Protesters Storm U.S. Embassy in Baghdad
Not surprisingly Americans have no friends on the streets or in government after Sunday's airstrikes.
UPDATE 1:15 p.m: The Pentagon has announced it will be sending additional troops to the Green Zone after Tuesday’s attack on the U.S. embassy in Baghdad.
Protesters have stormed the U.S. embassy in Baghdad and reportedly set fire to the main entrance area, shouting “Death to America” and “Down, Down, USA”.
I would seem that after weeks of violent Shia protests against the Iranian-backed Shia elite in the Iraqi government, Washington has united all of them—against the United States.
But really, what did they expect, after launching five airstrikes in Iraq and Syria on Sunday against the Iraqi militia, Kata’ib Hezbollah, which has been described by Americans as an Iranian proxy, but turns out they were more than that. The strikes were, according to the U.S., in retaliation for 30 rocket attacks against the K1 base in Kirkuk in Northern Iraq on Saturday—one which killed an American contractor and wounded several others, including two U.S. servicemembers. The base houses Iraqi military as well as Americans.
But the American bombing drew swift condemnation by the Iraqi government, because, after all, this is their country and they had reportedly asked the Americans to stand down. Now, there are strident calls for them to leave. The U.S. currently has about 5,000 troops left in the country (with no plans to depart that we know of).
Those calls turned into mass protests around the embassy after the funerals for the 25 Kata’ib Hezbollah fighters today. According to Al Jazeera, the funeral procession continued to the Green Zone where the demonstrators surrounded the embassy. The ambassador and staff had been reportedly evacuated.
Al Jazeera’s Simona Foltyn reported no sign of armed resistance from the U.S. so far: “We’ve seen in the past when anti-government protesters were able to enter the Green Zone but I don’t believe we’ve seen such a large number of people come this close to the US Embassy,” she continued, calling this a “significant development.”
Al Jazeera’s Marwan Bishara noted the irony: “In terms of the United States, here is a country that has spent trillions of dollars in Iraq 16 years after its invasion and occupation to wins the hearts and minds of the Iraqi people, and ends up having its embassy surrounded the way it is,” he said, pointing out that the U.S. “doesn’t have much of an alliance either on the street or government institutions within Iraq.”
Secretary of State Mike Pompeo, in his usual imperious way, described Sunday’s airstrikes as “self-defense” for what Washington has called a growing number of “attacks” on U.S. interests in the region. He described Kata’ib Hezbollah as an arm of the Iranian government, which the U.S. has blamed for attacks on Saudi oil facilities and oil tankers in the Gulf, among other transgressions. However, it turns out that Kata’ib Hezbollah is a member of Iraq’s Popular Mobilization Forces, an umbrella organization of militias that helped the U.S. dispel ISIS from Iraq.

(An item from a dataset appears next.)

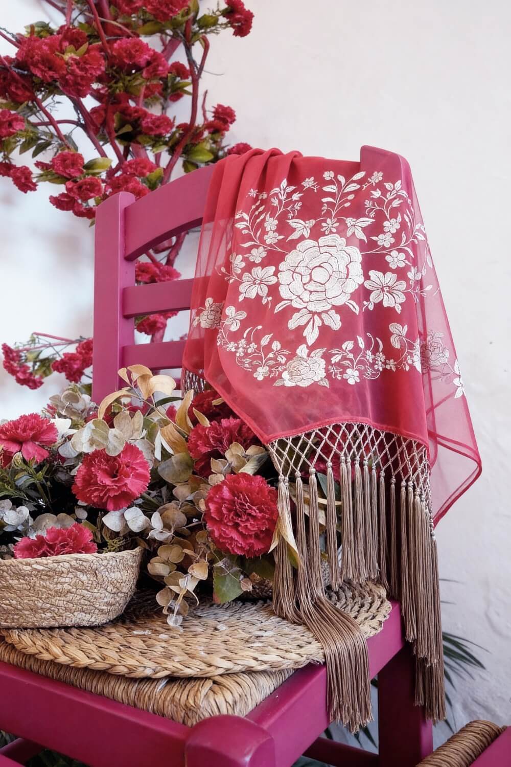 Su caída ligera permite colocarlo con facilidad sobre los hombros, adaptándose a tu forma de vestir y a cada momento de la celebración. Es el complemento ideal para completar tu look de feria con personalidad, pero también para reinterpretarlo en estilismos más actuales, combinándolo con vestidos lisos o conjuntos más sencillos.

We don’t know why these fighters were targeting the K1 base but they weren’t some rag tag group sent into Iraq and Syria by the Iranian ayatollahs—they played an integral role in the Iraqi resistance to the Islamic State occupation of their country, which took three years and heavy casualties to break. They remain integrated into the Iraqi armed forces, which would account for not only the protests today, but the new calls to re-examine the U.S.-Iraqi relationship in parliament. Furthermore, the PMF has vowed its own retribution:
“Our response will be very tough on the American forces in Iraq,” said senior PMF commander Jamal Jaafar Ibrahimi, also known as Abu Mahdi al-Mohandes, vowing to seek revenge against US forces in Iraq.

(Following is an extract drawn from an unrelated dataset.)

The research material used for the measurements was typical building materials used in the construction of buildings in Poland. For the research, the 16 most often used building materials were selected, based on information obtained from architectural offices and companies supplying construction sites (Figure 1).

It would seem that in their myopic zeal to go after their Iranian nemesis (note that the only world leader to “congratulate” Trump for the airstrikes has been Israel’s Benjamin Netanyahu), the Americans have alienated the one ally it should have in the region. As my colleagues have noted over the last few days, this could be the war that the Trump Administration wanted to avoid, just hours before we ring in 2020.